As for masks, one would have to see very many performances, I fancy, and think a lot, before one got on to any philosophy of their fascination and effectiveness. I am always impressed by the realism, the naturalness of the Nō mask. It is not fanciful in any obvious sense. After a few performances, I found I knew when a mask was a particularly good one. My preferences turned out to be precious heirlooms two hundred years old. In one instance when, for a reason I don’t yet understand, Rokurō changed his mask after death for another of the same cast, I could not say why the first was better than the second—certainly not for a pleasanter surface, for it was shining like lacquer; I noticed the features were more pronounced. We were allowed the thrill of being let into the room of the mirror, immediately behind the curtain, and saw Rokurō have his mask fitted and make his entry after a last touch by his brother Mansaburō. These brothers are Umewaka, belong to the Kwanze School, and have a stage of their own. I am told that my preference for them is natural to a beginner and that later one likes as much, or better, the more masculine style of the Hōshō. At present Nagashi (Matsumoto), the chief performer of this school (which has a lovely stage and a very aristocratic clientèle), seems to me like an upright gentlemen who has well learned his lesson, while Rokurō and Mansaburō are actors. Both brothers have beautiful voices. The Hōshō people speak with a thickness in the throat. But I know it is absurd for me to feel critical about anything. Moreover, Rokurō and Nagashi would not take the same parts.

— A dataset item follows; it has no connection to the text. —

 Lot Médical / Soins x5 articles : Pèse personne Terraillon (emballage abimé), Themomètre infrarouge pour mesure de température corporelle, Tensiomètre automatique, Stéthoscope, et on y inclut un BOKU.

MIIDERA. A MOTHER, crazed by the straying away of her little boy, is advised by a neighbour any way to go to Ōtsu, for there stands the temple of Mii which she had seen in a dream.

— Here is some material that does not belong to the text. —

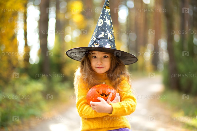 Девушка в шапке ведьмы, в желтом свитере и с тыквой с вырезанными глазами и ртом Джек-фонарь в желтом осеннем лесу. Праздник Хэллоуина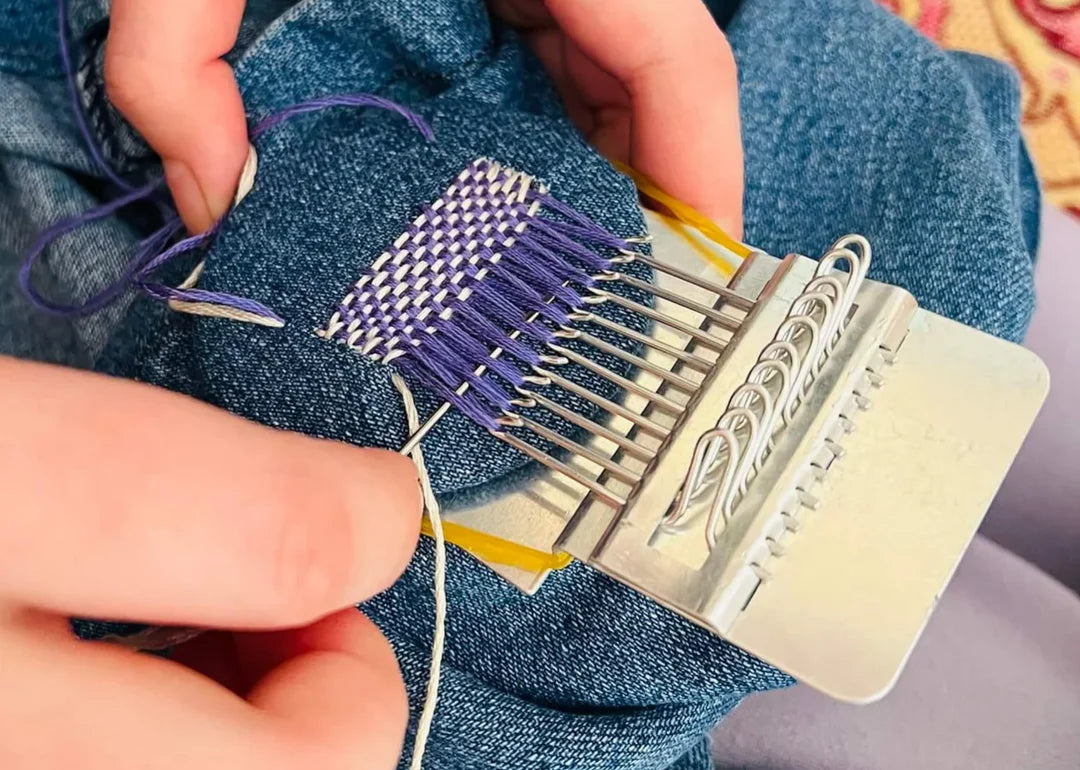 Mend your sweaters, jeans, shirts, bags, plus more with the SpeedWeve 14 Hook Darning Loom! Create all kinds of fun designs. Use all 14 hooks or less, if you want a smaller design. Uses only a minimal amount of yarn/embroidery floss and a long darning needle, then let your imagination go!

The priests of Miidera, with the little boy among them, are out in the temple yard viewing the full autumn moon. The attendant tolls the great bell, whose lovely note waves long over the lake below. The mad mother appears on the scene, and, drawn to the bell, makes to toll it. The head priest forbids her. There follows an argument full of bell lore, and its effect on troubled hearts. She tolls the bell, and mother and son recognize each other.

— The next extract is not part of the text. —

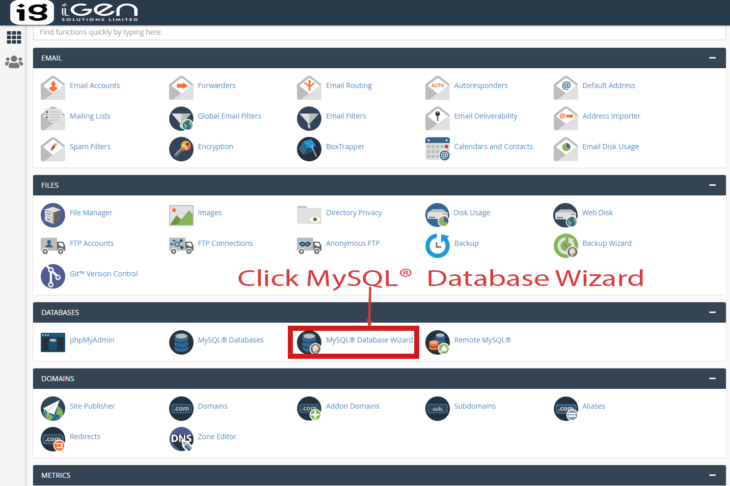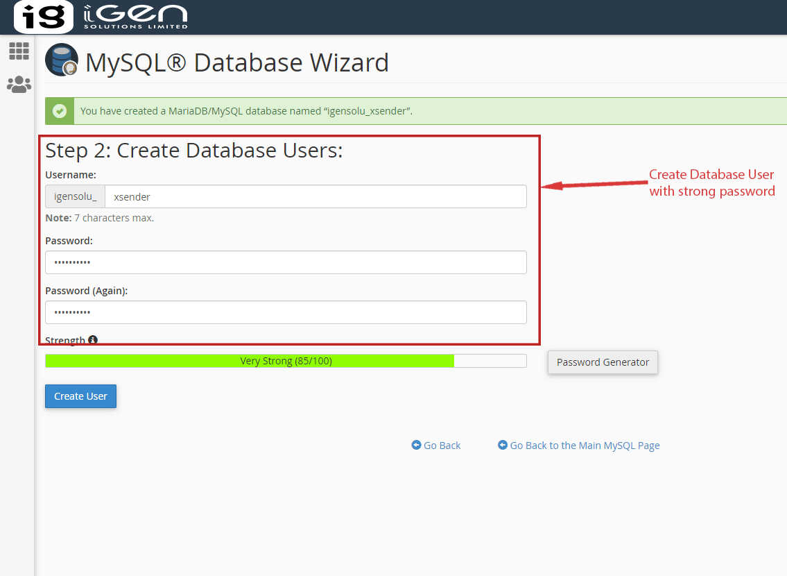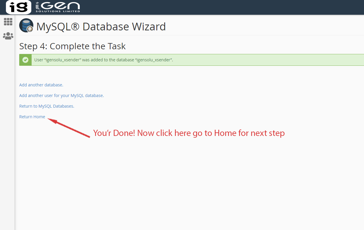 MySQL® Database WizardCreate A database name on the New Database input field then click Next Step

One of the cards I sent shows the mother tolling the bell. She comes on first in a red flowered robe, is advised by the neighbour and goes off. The priests come on. The sounding of the bell is the hinge of everything, a thing of great sentiment. As it is, in reality, one of the most touching things in the world, it seemed to me clever that there was no attempt to represent it. On the contrary, the action centred in the toller, a cheery old gossiper used to the job, who more or less spat on his hands and said Heave ho as he swung the imaginary horizontal beam. Only when he had done so, he continued his Heave ho in a kind of long echoing hum. Then he danced. The mad mother came on in another dress, very strange, light mauve gauze over white, no pattern, and the bough in her hand. Why, when the old man had already tolled, for one’s imagination, a non-existent bell in the real way with a heavy beam, the mother should actually pull a coloured ribbon tied to an elaborate toy, it is hard to say. But it is right.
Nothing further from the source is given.